Problemas: de eso aún hay a montones en Bosnia-Herzegovina. Aunque el tratado de paz de Dayton puso fin a la guerra hace diez años, también creó un Estado lleno de contradicciones: dos entidades, la "Republika Srpska" y la "Federación BiH" con aparatos administrativos propios y un sinnúmero de políticos. Y el cargo del “Alto Representante”, que puede revocar leyes y destituir a políticos democráticamente legitimados. El paro aumenta en el país y un 40% de los puestos de trabajo se encuentran en organizaciones internacionales. No obstante, y a pesar de las diferencias étnicas, los políticos coinciden en que el país puede unirse a la UE en 2009.

La UE permanece algo escéptica frente a tales datos. Un requisito importante para la aceptación de Bosnia-Herzegovina dentro de la UE es la reforma de la policía bosnia. Y precisamente esa reforma se ha rechazado en el parlamento de la Republika Srpska: los 16 gremios diferentes de policía siguen intactos.
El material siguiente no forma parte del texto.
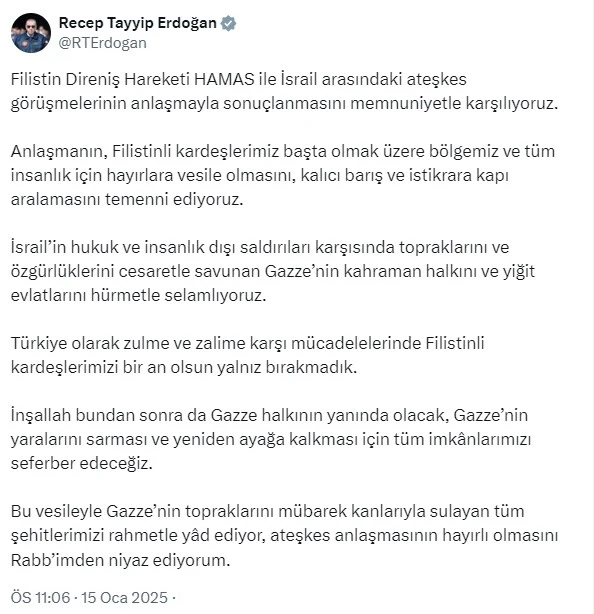 Gazze halkına olan desteğini bir kez daha vurgulayan Cumhurbaşkanı Erdoğan, "İsrail’in hukuk ve insanlık dışı saldırıları karşısında topraklarını ve özgürlüklerini cesaretle savunan Gazze’nin kahraman halkını ve yiğit evlatlarını hürmetle selamlıyoruz. Türkiye olarak zulme ve zalime karşı mücadelelerinde Filistinli kardeşlerimizi bir an olsun yalnız bırakmadık. İnşallah bundan sonra da Gazze halkının yanında olacak, Gazze’nin yaralarını sarması ve yeniden ayağa kalkması için tüm imkânlarımızı seferber edeceğiz. Bu vesileyle Gazze’nin topraklarını mübarek kanlarıyla sulayan tüm şehitlerimizi rahmetle yâd ediyor, ateşkes anlaşmasının hayırlı olmasını Rabb’imden niyaz ediyorum" dedi.

Y con el No de los franceses y los holandeses a la Constitución Europea se aleja aún más el proyecto de integrar el Estado balcánico en la UE.
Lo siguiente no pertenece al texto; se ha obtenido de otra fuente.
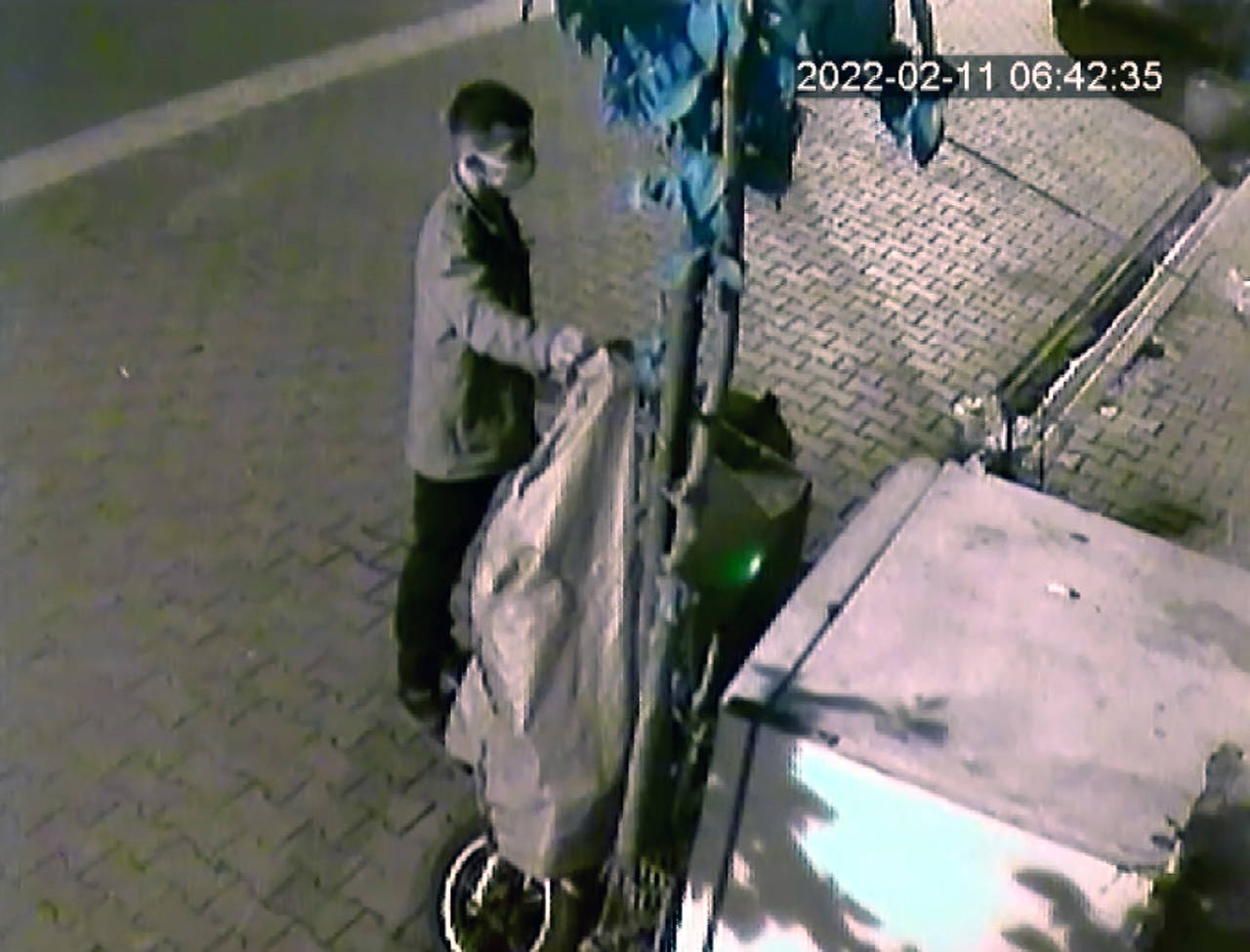 S.P.'nin emniyete şikayetiyle Oto Hırsızlık Büro Amirliği ekipleri çalışma başlattı. Bölgedeki güvenlik kamerası görüntülerini inceleyen polis, evin önüne gelen kişinin şarj kablosunu söktüğü elektrikli bisikleti çalıp, bölgeden ayrıldığını tespit etti.
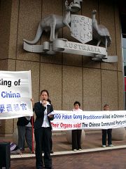 二零零七年四月十七日,澳洲纽省高等法院就法轮功学员李富英和谢焱起诉原广东省政法委书记、现任广东省委副书记,省政协主席陈绍基一案进行了聆讯开庭。
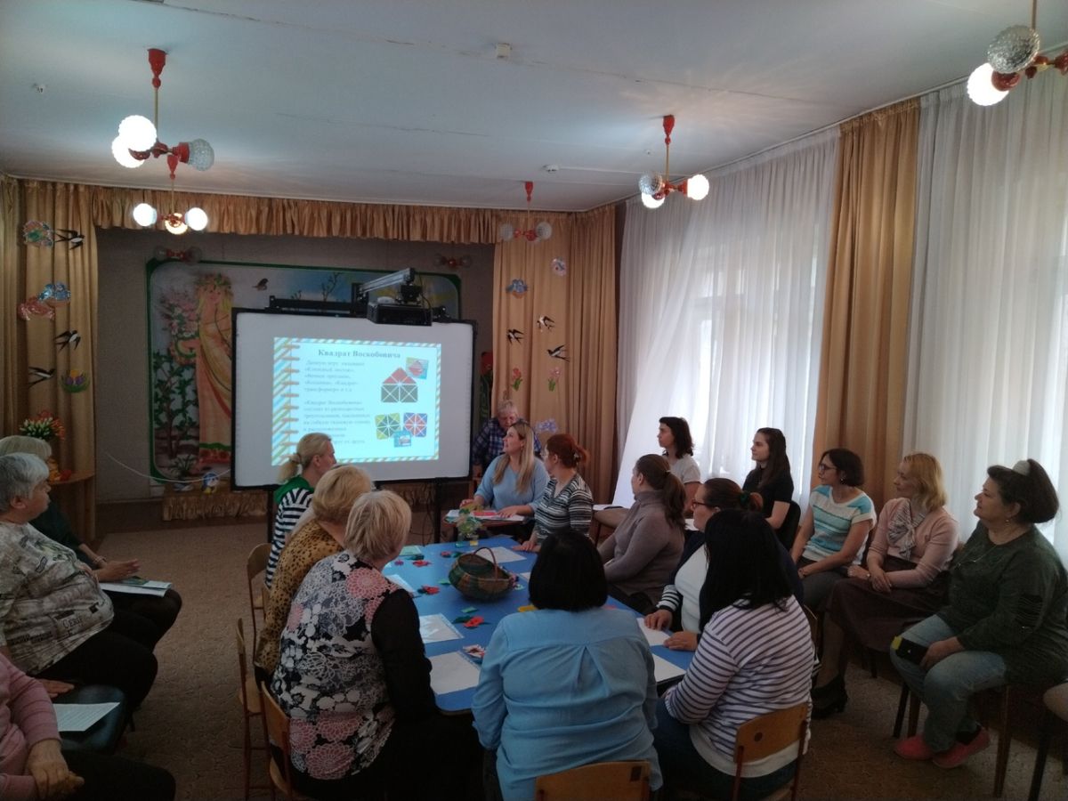 В первый день педагоги побывали на мастер- классе "Квадрат Воскобовича", который подготовила и провела призер конкурса "Педагог года - 2024" воспитатель Салос М.А, где научились изготавливать квадрат своими руками и придумывать сказку с использованием данного пособия.
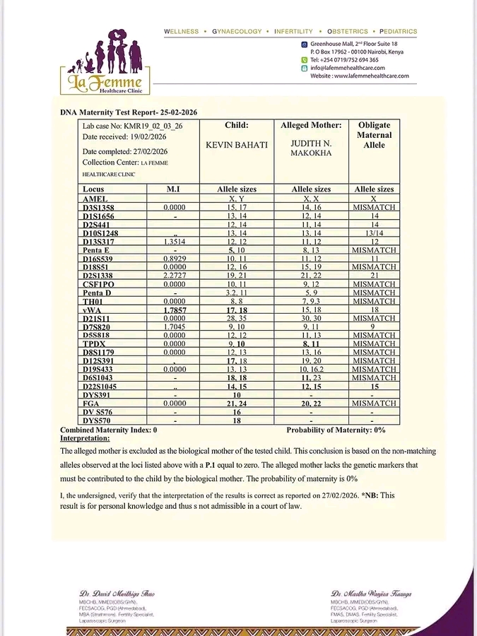 In conclusion, the DNA test has definitively ended the debate about Bahati’s biological mother, confirming that Makokha is not related to him.
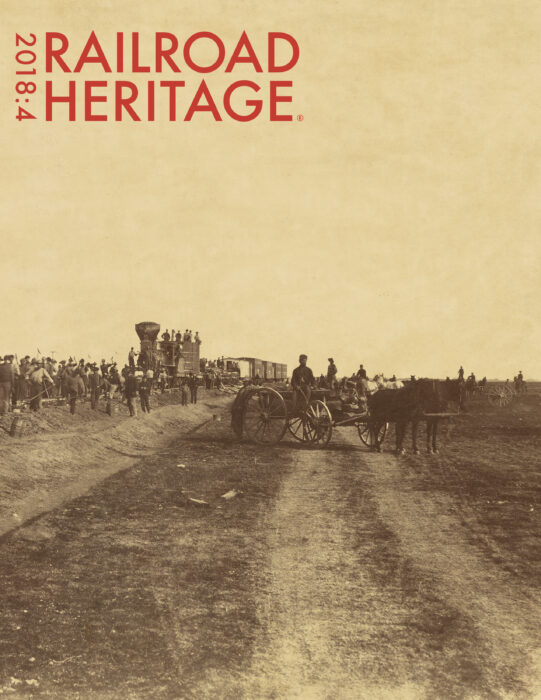 Curator Alexander Benjamin Craghead gives a preview of our new project, After Promontory: One Hundred and Fifty Years of Transcontinental Railroading, which we are preparing for next year’s sesquicentennial of the completion of the nation’s first transcontinental railroad. Jean Bubley and Laura Handlin present New York’s Third Avenue El in photographs by Esther Bubley, Jean’s aunt. Artist J. Craig Thorpe shares a new painting and his thoughts on the parallels between Interurban and Progressive eras. Hailey Paige previews the presenters for our regional Conversations West conference on September 22 at the California State Railroad Museum in Sacramento. In this installment of “Out of the Archives,” Adrienne Evans shares tips on donating collections to archives. Arjan den Boer showcases two posters for the unique Autorails Bugatti of the 1930s. Finally, we commemorate the passing of a legendary railroad photographer with a tribute to Jim Shaughnessy.
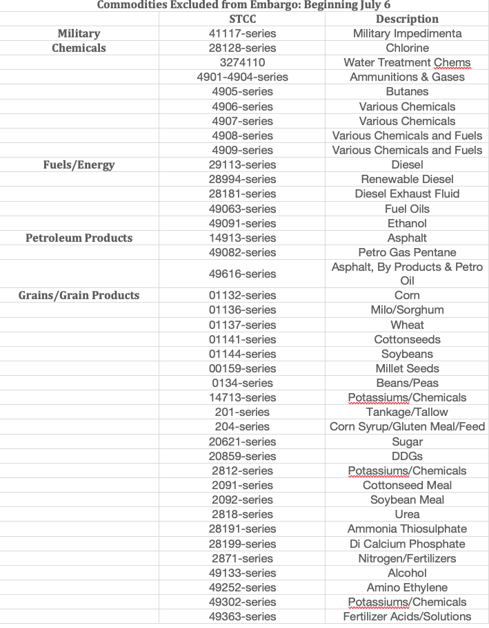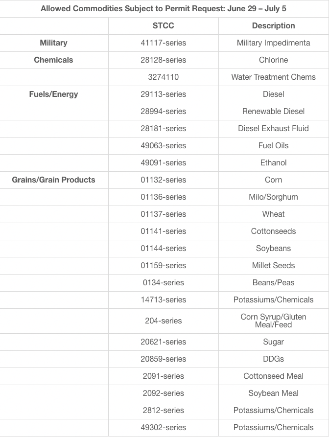For the week of June 29 to July 5, BNSF will consider issuing permits to embargoed destinations for the commodities listed above.

¿Un agujero negro al borde de Europa?

La importancia de una perspectiva europea para los Estados balcánicos ha sido señalada por la "International Commission on the Balkans", una élite pensadora de expertos y hombres de Estado. La comisión advierte el riesgo de que se produzca un "agujero negro al borde de Europa". A pesar de que la región ya no se encuentre en los titulares, sigue albergando dinamita política. De acuerdo con un informe actual de la comisión, la gente de los Balcanes necesita con urgencia un mensaje alentador de Europa y la certeza de que podrán entrar mediante reformas en la UE. A ser posible en el 2014, fecha simbólica que marca el centenario de la Primera Guerra Mundial.

Esta perspectiva es sobre todo importante para los jóvenes. “Vivimos aquí en medio de Europa y no pertenecemos a ella”, se queja Michael, un estudiante de medicina de 24 años que vive en Banja Luka. "Ni siquiera estamos en el programa Erasmus".